CBO assumed that the F/A-22 and F-35 both go forward as planned and that some replacement or augmentation of today’s Air Force nuclear systems (bombers and ICBMs) is developed. Since those plans are still being formulated, CBO based its projections on “experience with the costs and schedules of previous bombers and ICBMs,” but its charts indicate that it expects the Air Force will buy the FB-22, a dedicated long-range attack version of the F/A-22.
According to CBO, USAF needs to buy about 150 fighters a year to maintain today’s fleet size at a “steady state,” but Pentagon plans—the future years defense program and projected out-years—don’t get up to that level until 2011-15. Funding for fighters is about $4 billion in Fiscal 2004, but would have to be double that to preserve the steady state. The Pentagon doesn’t forecast such a spending level until 2012.
Using USAF numbers, CBO determined that the Air Force’s fighters and tankers are the most aged parts of the fleet and will average 20 and 40 years, respectively, by 2010. CBO compared those figures with the “half-life” of systems—half the planned or expected full service life—to see if most of the fleet was young or old. Fighters have a half-life of 10-15 years, while tankers have one of 28-33 years.
Even if the F/A-22 and F-35 fighters and KC-767 tanker all go forward, CBO found, the fighter and tanker fleets overall will still average more than the suggested half-life in 2010. By 2020, fighters finally get down to 15 years average age, while tankers get down to 34 years.

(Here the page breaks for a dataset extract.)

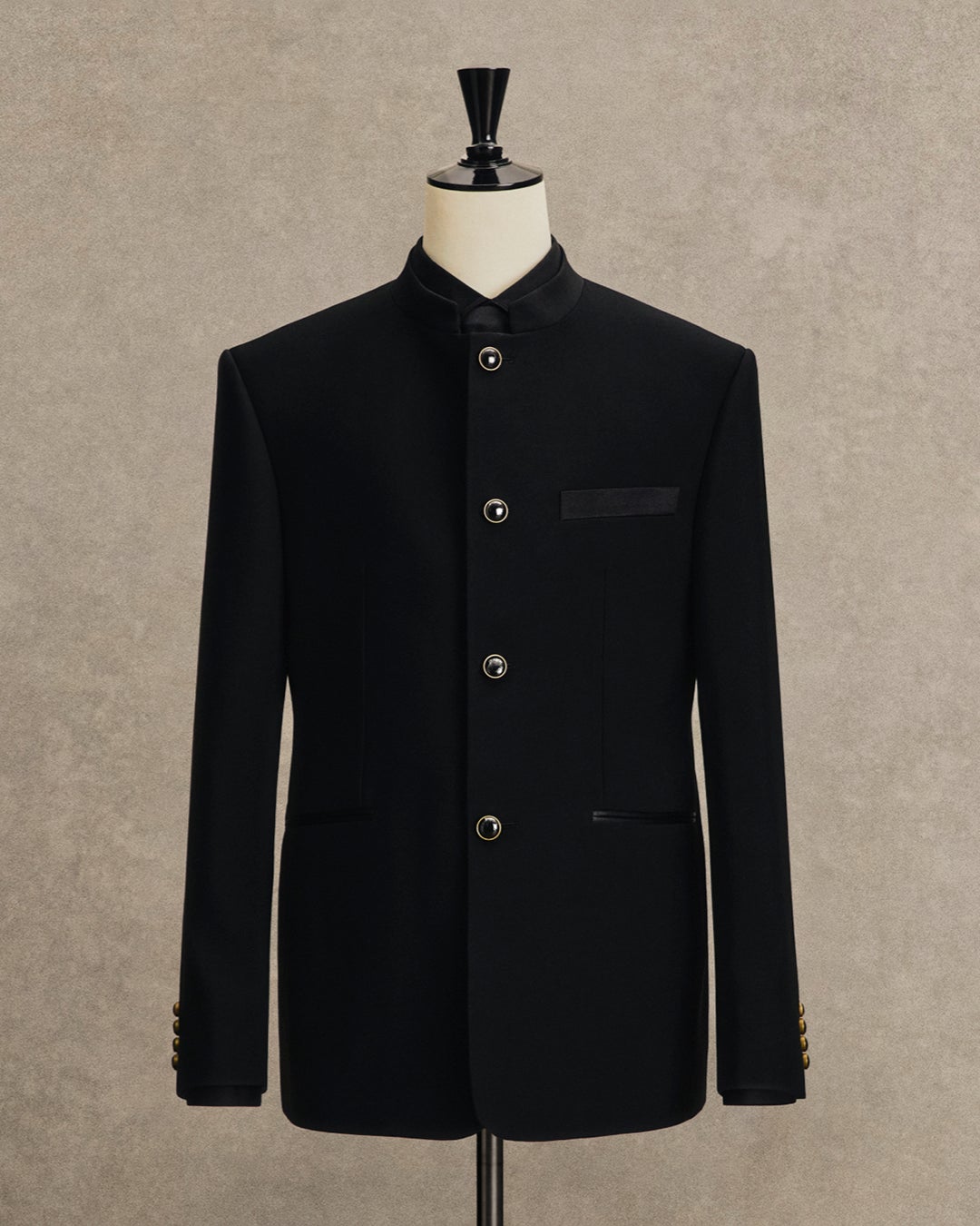 マイケル·B·ジョーダンが着用したブラックのオフィサーカラージャケットは、100%ウールで仕立てられ、エレガントなシルクサテンの胸ポケットとパイピングのディテールが特徴。また、ブラックとゴールドのロゴ入りボタンで装飾されています。

Using the same method, CBO determined that the bomber fleet is practically spry, averaging only 35 years of age in 2010, vs. a half-life of 35-40 years. Airlifters will continue to average a youthful 23-27 years old by 2020, vs. a half-life of 18-23 years.
All this means that, to combat the aging aircraft problem, USAF will have to concentrate on fighters and tankers in the near term.
Go for Effects-Based Operations
Just as it’s becoming imperative to use force discriminately—avoiding civilian casualties and the destruction of nonmilitary targets—the enabling technology has arrived, declared the Defense Science Board.
This, said a recent DSB report, means effects-based operations are “coming of age.” EBO is now the stock in trade of the United States Air Force.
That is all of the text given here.